_WORK REQUEST:_ Only the pictures should be left out; write out all other data exactly.

_WORKING DATA:_

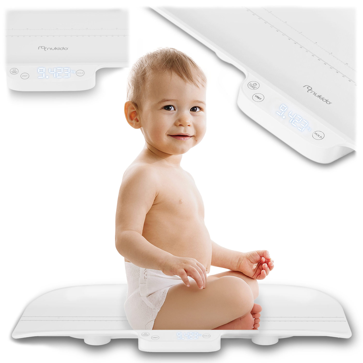 Elektronska tehtnica za dojenčke Nukido Zelo natančna: 5 g - 0,005 kg Varna: certifikati CE, Rohs, FCC, CPC, ISO9003, BSCI. Popolna natančna hišna tehtnica za skrbne starše - preverja, ali otrok pravilno raste in se razvija. Podpora pri hranjenju – ocena učinkovitosti hranjenja, predvsem pri dojenju. Za starše – omogoča nadzorovanje pridobivanja telesne teže vašega otroka, da ocenite njegovo ali njeno zdravje. Menjava tehtalne enote - prilagodljivost in praktična uporaba. Intuitivna in enostavna sprememba enote za tehtanje. Možnost izbire med štirimi enotami: grami, kilogrami, unče, funti. FUNKCIJA TARE: Vgrajena možnost tariranja omogoča enostavno uporabo. Zelo natančna lestvica! Natančnost merjenja: 5 g - 0,005 kg Natančnost 5 g (0,005 kg) je izjemna natančnost, ki vam omogoča, da opazite tudi najmanjše spremembe otrokove teže - pomemben je dobesedno vsak gram! Zahvaljujoč temu so lahko starši prepričani, da se njihov otrok pravilno razvija, nedonošenčki ali otroci, ki potrebujejo posebno nego, pa so pod najvišjo stopnjo nadzora! Ročna funkcija HOLD vam omogoča ohranjanje stabilnega rezultata meritve, ko se otrok premika. Po pritisku na tipko HOLD tehtnica zabeleži in zapomni odčitek ter odpravi vpliv trenutnih nihanj. Tako je lažje dobiti natančen rezultat, tudi če otrok ne miruje. Od dojenčka. Tehtnica bo uporabna dolgo časa in vas bo spremljala skozi vse faze razvoja vašega otroka. Maksimalna obremenitev: 40 kg. Otrok tehta približno 40 kg, običajno med 10. in 12. letom starosti. Vsak centimeter je pomemben pri razvoju vašega dojenčka! Izmerite na tehtnici. dolžina do 60 cm Zahvaljujoč vgrajeni meritvi lahko izredno natančno spremljate rast vašega otroka in poskrbite za popoln razvoj! To je nenadomestljivo orodje, ki vam bo omogočilo, da pravočasno opazite morebitne nepravilnosti in poskrbite za zdravje vašega dojenčka na najvišji ravni! Parametri: Varen material: ABS, velik, čitljiv LCD zaslon, ergonomska oblika za lažje tehtanje, priložene baterije - 2 x 1,5 V AAA, tehtanje do: 40 kg, natančnost merjenja: 0,005 kg, funkcija tariranja, zaklepanje rezultatov tehtanja, samodejno obveščanje o prazna baterija, moč baterije, CE, Rohs, FCC, CPC, ISO9003, BSCI certifikati, možnost menjave enote teže. ⭐⭐⭐⭐⭐ ABS material pomeni vzdržljivost, varnost in zanesljivost - popoln material za težo dojenčka!
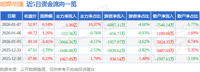 证券之星消息,截至2026年1月7日收盘,哈焊华通(301137)报收于52.97元,上涨6.54%,换手率13.6%,成交量24.73万手,成交额13.07亿元。
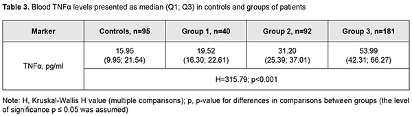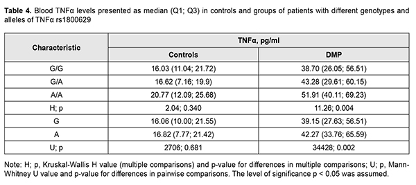 Table 4 presents median blood TNF? levels in our patients with different genotypes of rs1800629.
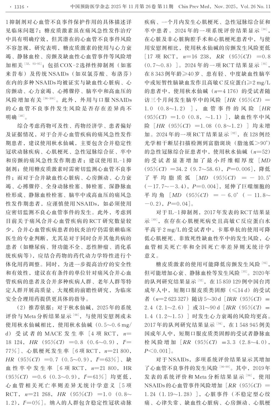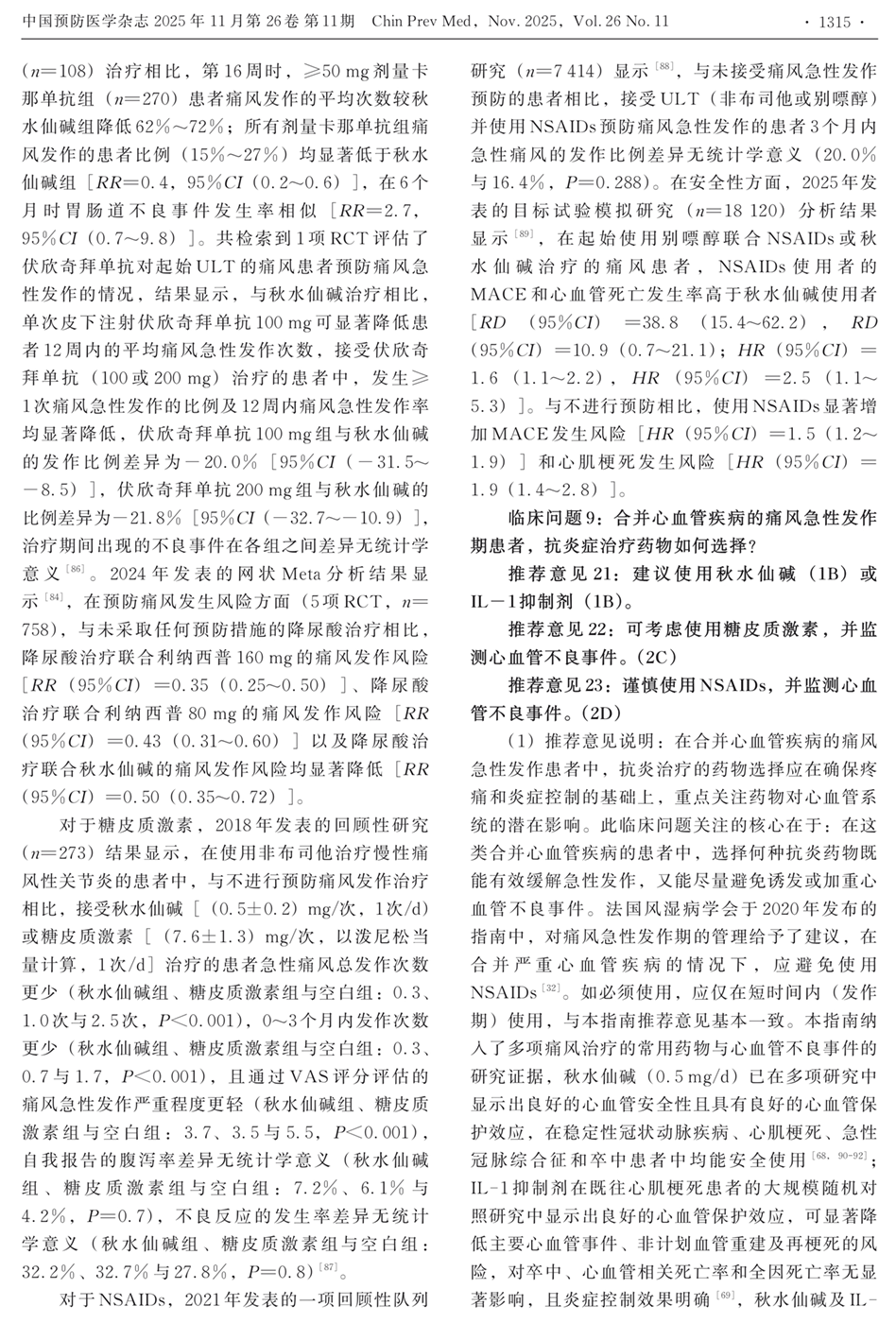 临床问题9:合并心血管疾病的痛风急性期,抗炎症治疗药物如何选择?
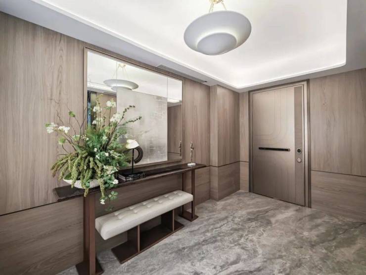 该户型外部呈类一梯一户设计,将近10㎡的电梯厅空间成为家的延伸,配合门内玄关形成内外双玄关格局,大幅度提升了居家的私密性和仪式感。
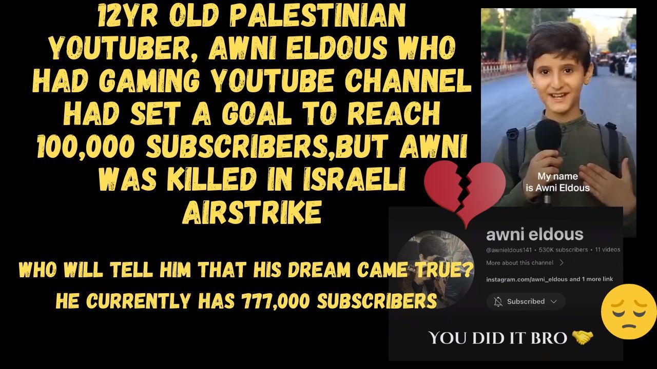 who had gaming YouTube channel had set a goal to reach 100,000 subscribers on his channel, but Awni was killed during bombing by an Israelı airstrıke in GÄza.
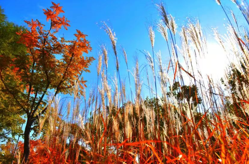 秋风拂过妫河两岸,世园公园内,枫叶染霜,银杏飘黄,构成一幅亮丽明快的画卷。9月28日,北京世园公园第二届红叶生态文化节拉开帷幕,由于9月中旬至今延庆气温普降又小幅回升,且早晚温差大,今年公园的彩叶期比往年提前了十天,园区内150余种、5万余株彩叶变换色彩,美轮美奂。文化节将持续到11月8日,历时42天。
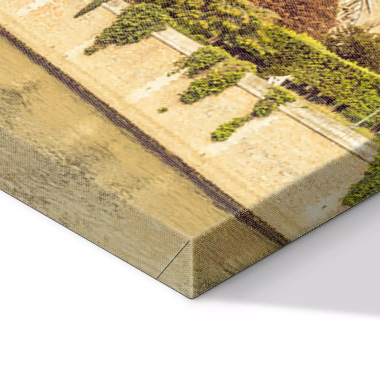 De print wordt aangebracht op hoogwaardig canvas dat op een schildersweefgetouw (spieraam) wordt gespannen. Omdat de print de zijranden bedekt, hoeft het ontwerp niet met een extra kader te worden omlijst. Wij raden ook composities aan die uit meerdere foto's bestaan en zo een coherente compositie vormen.

_ANSWER TO THIS EXERCISE:_
 Elektronska tehtnica za dojenčke Nukido Zelo natančna: 5 g - 0,005 kg Varna: certifikati CE, Rohs, FCC, CPC, ISO9003, BSCI. Popolna natančna hišna tehtnica za skrbne starše - preverja, ali otrok pravilno raste in se razvija. Podpora pri hranjenju – ocena učinkovitosti hranjenja, predvsem pri dojenju. Za starše – omogoča nadzorovanje pridobivanja telesne teže vašega otroka, da ocenite njegovo ali njeno zdravje. Menjava tehtalne enote - prilagodljivost in praktična uporaba. Intuitivna in enostavna sprememba enote za tehtanje. Možnost izbire med štirimi enotami: grami, kilogrami, unče, funti. FUNKCIJA TARE: Vgrajena možnost tariranja omogoča enostavno uporabo. Zelo natančna lestvica! Natančnost merjenja: 5 g - 0,005 kg Natančnost 5 g (0,005 kg) je izjemna natančnost, ki vam omogoča, da opazite tudi najmanjše spremembe otrokove teže - pomemben je dobesedno vsak gram! Zahvaljujoč temu so lahko starši prepričani, da se njihov otrok pravilno razvija, nedonošenčki ali otroci, ki potrebujejo posebno nego, pa so pod najvišjo stopnjo nadzora! Ročna funkcija HOLD vam omogoča ohranjanje stabilnega rezultata meritve, ko se otrok premika. Po pritisku na tipko HOLD tehtnica zabeleži in zapomni odčitek ter odpravi vpliv trenutnih nihanj. Tako je lažje dobiti natančen rezultat, tudi če otrok ne miruje. Od dojenčka. Tehtnica bo uporabna dolgo časa in vas bo spremljala skozi vse faze razvoja vašega otroka. Maksimalna obremenitev: 40 kg. Otrok tehta približno 40 kg, običajno med 10. in 12. letom starosti. Vsak centimeter je pomemben pri razvoju vašega dojenčka! Izmerite na tehtnici. dolžina do 60 cm Zahvaljujoč vgrajeni meritvi lahko izredno natančno spremljate rast vašega otroka in poskrbite za popoln razvoj! To je nenadomestljivo orodje, ki vam bo omogočilo, da pravočasno opazite morebitne nepravilnosti in poskrbite za zdravje vašega dojenčka na najvišji ravni! Parametri: Varen material: ABS, velik, čitljiv LCD zaslon, ergonomska oblika za lažje tehtanje, priložene baterije - 2 x 1,5 V AAA, tehtanje do: 40 kg, natančnost merjenja: 0,005 kg, funkcija tariranja, zaklepanje rezultatov tehtanja, samodejno obveščanje o prazna baterija, moč baterije, CE, Rohs, FCC, CPC, ISO9003, BSCI certifikati, možnost menjave enote teže. ⭐⭐⭐⭐⭐ ABS material pomeni vzdržljivost, varnost in zanesljivost - popoln material za težo dojenčka!
 证券之星消息,截至2026年1月7日收盘,哈焊华通(301137)报收于52.97元,上涨6.54%,换手率13.6%,成交量24.73万手,成交额13.07亿元。
 Table 4 presents median blood TNF? levels in our patients with different genotypes of rs1800629.
 临床问题9:合并心血管疾病的痛风急性期,抗炎症治疗药物如何选择?
 该户型外部呈类一梯一户设计,将近10㎡的电梯厅空间成为家的延伸,配合门内玄关形成内外双玄关格局,大幅度提升了居家的私密性和仪式感。
 who had gaming YouTube channel had set a goal to reach 100,000 subscribers on his channel, but Awni was killed during bombing by an Israelı airstrıke in GÄza.
 秋风拂过妫河两岸,世园公园内,枫叶染霜,银杏飘黄,构成一幅亮丽明快的画卷。9月28日,北京世园公园第二届红叶生态文化节拉开帷幕,由于9月中旬至今延庆气温普降又小幅回升,且早晚温差大,今年公园的彩叶期比往年提前了十天,园区内150余种、5万余株彩叶变换色彩,美轮美奂。文化节将持续到11月8日,历时42天。
 De print wordt aangebracht op hoogwaardig canvas dat op een schildersweefgetouw (spieraam) wordt gespannen. Omdat de print de zijranden bedekt, hoeft het ontwerp niet met een extra kader te worden omlijst. Wij raden ook composities aan die uit meerdere foto's bestaan en zo een coherente compositie vormen.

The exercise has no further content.